Default VPC vs. Custom VPC

  • Default VPC is user friendly, allowing you to immediately deploy instances. Amazon provision that for us in every single Region when we first set up our account. At the beginning, a default VPC components including:

    • VPC with a size /16 IPv4 CIDR block (172.31.0.0/16), this provides up to 65536 private IPv4 addresses.

    • Default subnet in each AZ with size /20. This provides 4096 addresses per subnet (but 5 reserved for each subnet).

    • Internet Gateway.

    • Main Route Table with a rule dest: 0.0.0.0/0, target: IGW-ID.

    • Security Group associated with default VPC.

    • NACL associated with default VPC.

    • Associate the default DHCP options set for your AWS account with your default VPC.

  • At the beginning, a custom VPC components including:

    • VPC with a size you defined.

    • Main Route Table has a rule dest: 10.0.0.0/16, target: local which allows the traffic within the VPC only.

    • NACL. This is a private NACL which deny all inbound and outbound traffic.

    • Security Group. It allows all outbound traffic but deny all inbound traffic.

  • All subnets in default VPC have a route out to the Internet (Internet accessible by default).

  • Each EC2 instance has both a public and private IP address when we deploy them into our default VPC. But if we have a custom VPC and if we have a private subnet, we will not get a public IP address. We will only get a private IP address. You need to go to the subnet (usually a public subnet), click Actions -> Modify Auto-assign IP settings. If you didn't set it, you still can assign Elastic IP to the instances in the subnet.

VPC Peering

  • Allows you to connect one VPC with another via a direct network route using private IP addresses. So I can have an instance on one subnet inside a different VPC that could communicate to another instance inside another subnet inside another VPC and that will do that over a private IP address.

  • Instances behave as if they were on the same private network when you peer VPCs.

  • You can peer VPC's with other AWS accounts as well as with other VPCs in the same account. So you can have a completely separate AWS account with a completely separate VPC and you are able to peer directly to that VPC in that other AWS account as well.

  • VPC peering connection allows you to route traffic between two VPCs using private IPv4 addresses or IPv6 addresses.

  • The VPCs can be in different Regions (a.k.a. inter-region VPC peering connection).

  • Peering is in a star configuration: i.e. 1 central VPC peers with 4 others.
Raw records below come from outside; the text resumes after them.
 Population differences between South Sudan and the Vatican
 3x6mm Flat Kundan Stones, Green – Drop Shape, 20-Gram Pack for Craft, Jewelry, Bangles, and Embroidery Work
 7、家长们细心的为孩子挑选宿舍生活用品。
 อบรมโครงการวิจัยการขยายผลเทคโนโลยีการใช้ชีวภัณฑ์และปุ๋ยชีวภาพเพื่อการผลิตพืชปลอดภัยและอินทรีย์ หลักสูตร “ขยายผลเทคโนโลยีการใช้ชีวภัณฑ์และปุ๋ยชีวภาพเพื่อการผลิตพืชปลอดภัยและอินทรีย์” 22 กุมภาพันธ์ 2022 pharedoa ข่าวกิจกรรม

NO TRANSITIVE PEERING! It means if we have the structure as below:

  • Invalid VPC Peering connection configurations:

    • Overlapping CIDR blocks

    • Transitive Peering

    • Edge to edge routing through a gateway or private connection

Exam Tips - VPC:

  • You must be able to deploy a VPC on your own before you go to the exam.

  • Think of a VPC as a logical datacenter in AWS.
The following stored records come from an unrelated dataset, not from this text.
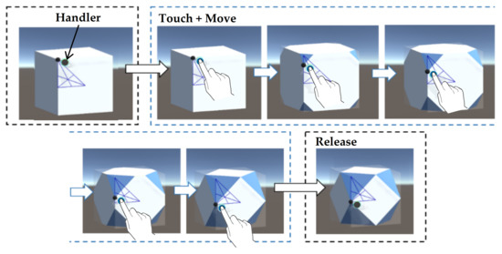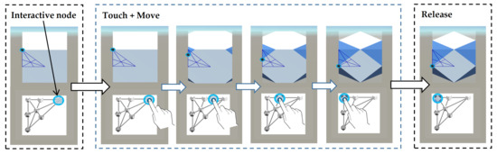 (1) Direct manipulation. Users can directly control the the handler (the black dot) on the solids and move it around to reach the desired object (see Figure 3). Direct manipulation gives a more direct engagement with an visual object [60,65,66]. The blue colored sides show the vertices that have been cut off (or truncated). On a corner of each base solid, there is a modified solid transition map that shows the current stage of transformation of this solid. The truncating/augmenting operations of users on the solids are constrained in the area of the map. This means that users can control the black dot handler on the solids and move it around on the map on the corner of each solid.
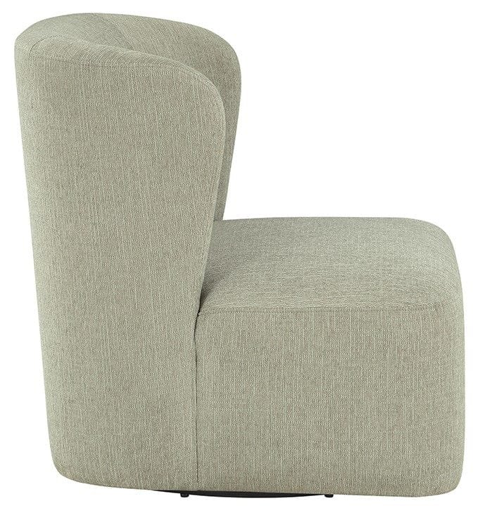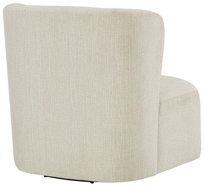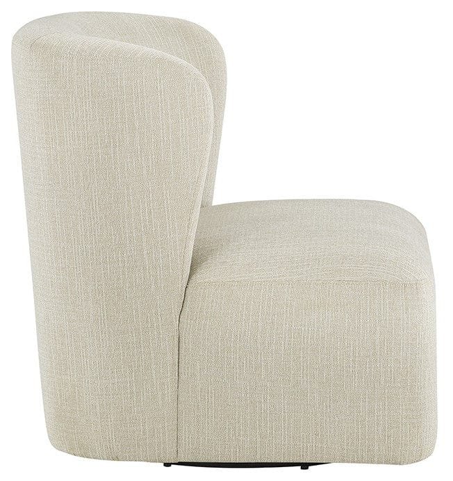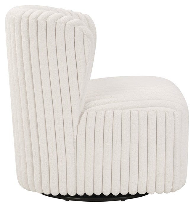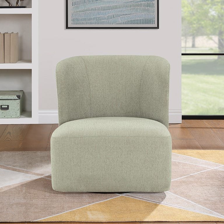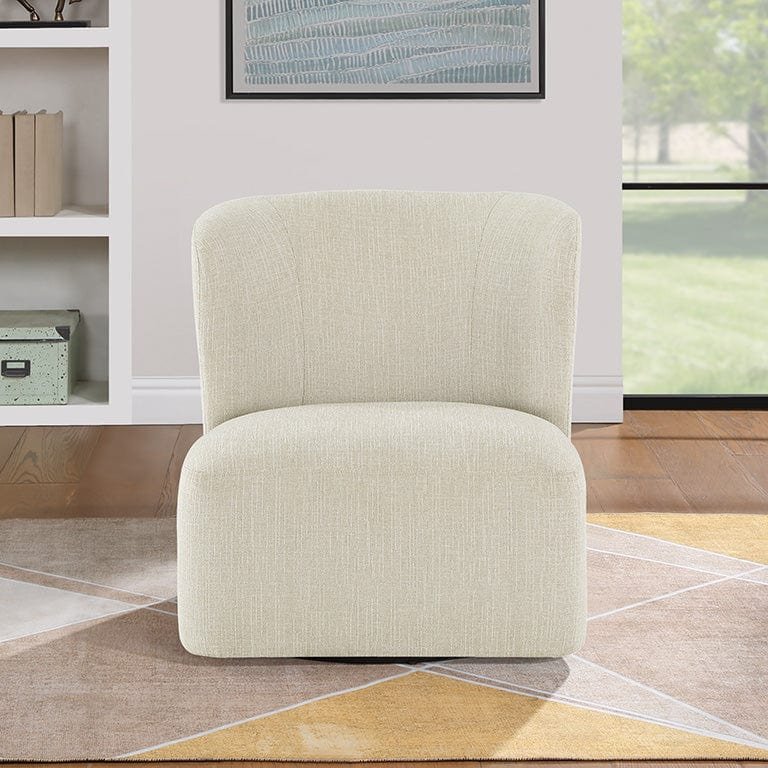An impressive statement from every angle, the ultra-modern Ave Six Upholstered Swivel Accent Chair embraces ultra-modern sophistication and chic confidence with a modified barrel design. The 360-degree panoramic swivel allows long hours of comfort for relaxed conversation and cozy television watching. Its minimal footprint design is ideal for small-space living. This chair is perfect to accent a home office or guest room. Two chairs around a small square or round accent table could complete a room or be the focal point. The coil spring cushion and sinuous spring support provide comfort and long-lasting durability. With a choice of linen fabric, fog fabric, or white corduroy, you can effortlessly elevate any décor. Arriving fully assembled, this chair is ready to add a touch of class to your space.
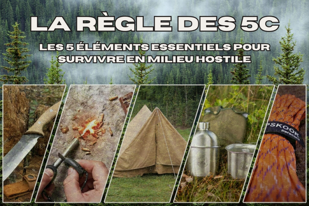 La règle des 5C Les 5 Piliers Indispensables pour Survivre Résumé. La règle des 5C est une base incontournable du survivalisme moderne. Elle regroupe cinq éléments essentiels permettant d’assurer les priorités vitales en situation d’urgence : outil de coupe, moyen de combustion, abri, récipient et cordage. Cette méthode simple et

  • Consists of IGWs (Or virtual private gateways), route tables, network access control lists, subnets, and security groups.
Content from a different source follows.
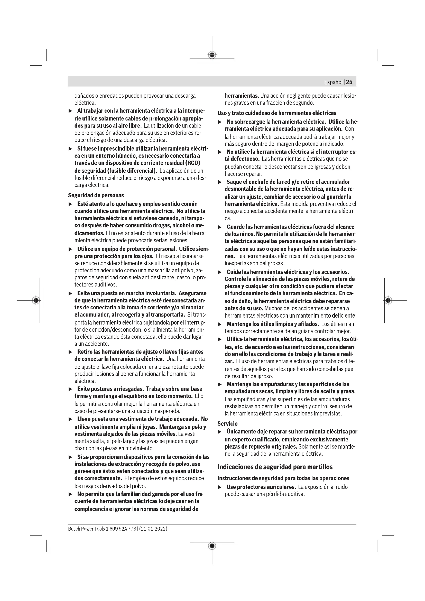 El nivel de vibraciones y el valor de emisiones de ruidos indi- cados en estas instrucciones han sido determinados según un procedimiento de medición normalizado y pueden servir como base de comparación con otras herramientas eléctri- cas. También son adecuados para estimar provisionalmente la emisión de vibraciones y ruidos. El nivel de vibraciones y el valor de emisiones de ruidos indi- cados han sido determinados para las aplicaciones principa- les de la herramienta eléctrica. Por ello, el nivel de vibracio- nes y el valor de emisiones de ruidos pueden ser diferentes si la herramienta eléctrica se utiliza para otras aplicaciones, con útiles diferentes, o si el mantenimiento de la misma fue- se deficiente. Ello puede suponer un aumento drástico de la emisión de vibraciones y de ruidos durante el tiempo total de trabajo. Para determinar con exactitud las emisiones de vibraciones y de ruidos, es necesario considerar también aquellos tiem- pos en los que el aparato esté desconectado, o bien, esté en funcionamiento, pero sin ser utilizado realmente. Ello puede suponer una disminución drástica de las emisiones de vibra- ciones y de ruidos durante el tiempo total de trabajo. Fije unas medidas de seguridad adicionales para proteger al usuario de los efectos por vibraciones, como por ejemplo: Mantenimiento de la herramienta eléctrica y de los útiles, conservar calientes las manos, organización de las secuen- cias de trabajo. Montaje u Antes de cualquier manipulación en la herramienta eléctrica, sacar el enchufe de red de la toma de co- rriente. Empuñadura adicional u Utilice su herramienta eléctrica sólo con la empuñadu- ra adicional (12). u Preste atención a que la empuñadura adicional esté siempre bien apretada. De lo contrario, podría perder el control sobre la herramienta eléctrica durante el trabajo. Girar la empuñadura adicional (verfiguraA) La empuñadura adicional (12) la puede girar a voluntad, pa- ra lograr una postura de trabajo segura y libre de fatiga. – Gire la parte inferior de la empuñadura adicional (12) en sentido antihorario y gire la empuñadura adicional (12) a la posición deseada. Luego, vuelva a apretar de nuevo la empuñadura adicional (12) en sentido horario. Observe que la abrazadera de la empuñadura adicional quede alojada en la ranura de la carcasa prevista para tal fin. Selección del portabrocas y de los útiles Para taladrar con percusión y para cincelar se precisan útiles SDS-plus, que se montan en el portabrocas SDS-plus. Para taladrar sin percusión en madera, metal, cerámica y plástico, así como para atornillar se utilizan útiles sin vástago SDS-plus (p. ej. brocas de vástago cilíndrico). Para estos úti- les se precisa un portabrocas de sujeción rápida o un porta- brocas de corona dentada. Cambio del portabrocas Montaje del portabrocas de sujeción rápida/portabrocas de corona dentada (ver figura B) – Atornille el vástago de inserción SDS-plus(17) en un por- tabrocas de sujeción rápida(1)/portabrocas de corona dentada(16). Asegure el portabrocas de sujeción rápida(1) /portabrocas de corona dentada(16) con el tornillo de seguridad(15). Observe, que el tornillo de seguridad tiene una rosca a la izquierda. Bosch Power Tools 1 609 92A 77S | (11.01.2022)28 | Español Colocación del portabrocas de sujeción rápida/ portabrocas de corona dentada (ver figura B) – Limpie primero y aplique a continuación una capa ligera de grasa al extremo del vástago de inserción SDS plus (17). – Inserte girando el portabrocas de sujeción rápida (1)/ portabrocas de corona dentada (16) con el vástago de in- serción en el portaherramientas, hasta que se bloquee automáticamente. – Tire del portabrocas de sujeción rápida (1)/portabrocas de corona dentada (16) para asegurarse de que ha que- dado correctamente sujeto. Desmontaje del portabrocas de sujeción rápida/ portabrocas de corona dentada – Empuje el casquillo de enclavamiento(5) hacia atrás y desmonte el portabrocas de sujeción rápida(1)/porta- brocas de corona dentada(16). Cambio de útil La caperuza guardapolvo (4) evita en gran medida la pene- tración de polvo de perforación en el portaútiles durante el funcionamiento. Al insertar el útil, asegúrese de que la cape- ruza guardapolvo (4) no esté dañada. u Una caperuza guardapolvo dañada debe ser reempla- zada inmediatamente. Se recomienda que este trabajo sea realizado por un servicio técnico. Cambio de útil (SDS-plus) Montaje del útil SDS-plus (ver figura C) El portaútiles SDS-plus le permite cambiar el útil de forma sencilla y cómoda sin precisar para ello una herramienta. – Limpie primero y aplique a continuación una capa ligera de grasa al extremo de inserción del útil. – Inserte girando el útil en el portaútiles de manera que éste quede sujeto automáticamente. – Tire del útil para asegurarse de que ha quedado correcta- mente sujeto. Condicionado por el sistema, el útil SDS-plus puede mover- se libremente. Por ello, en la marcha en vacío se genera una excentricidad radial. Esto no tiene repercusión sobre la pre- cisión del orificio taladrado, ya que la broca se centra por sí misma al taladrar. Desmontaje del útil SDS-plus (ver figura D) – Deslice el casquillo de enclavamiento (5) hacia detrás y saque el útil. Cambio de herramienta con portabrocas intercambiable de sujeción rápida Colocar el útil (ver figura E) Indicación: ¡No utilice el útil sin SDS-plus para el taladrado de percusión o el cincelado! Al taladrar con percusión o cin- celar ello perjudicaría a los útiles sin SDS-plus y al portabro- cas. – Coloque el portabrocas de sujeción rápida (1). – Sujete el casquillo posterior (19) del portabrocas de suje- ción rápida (1) y gire el casquillo anterior (18) en sentido antihorario, hasta que se pueda colocar el útil. Inserte el útil. – Sujete el casquillo posterior del portabrocas de sujeción rápida (1) y gire el casquillo anterior vigor

  • 1 Subnet = 1 Availability Zone (usually).

  • Few important points about VPC:

    • When you create a VPC, it spans all the AZs in the Region.

    • After creating a VPC, you can add one or more subnets in each AZ.

  • Security groups are stateful; Network access control lists are stateless. So if I was to open port 80 of my security group, automatically I can both send and receive port 80. I don't have to open up port 80 on my inbound rule list as well as my outbound rule list. With network access control lists, I have to open both inbound and outbound ports.

  • NO transitive peering.

The instance in VPC B can communicate with the instance in VPC C only if we directly peer VPC B with VPC C, otherwise they cannot communicate with each other.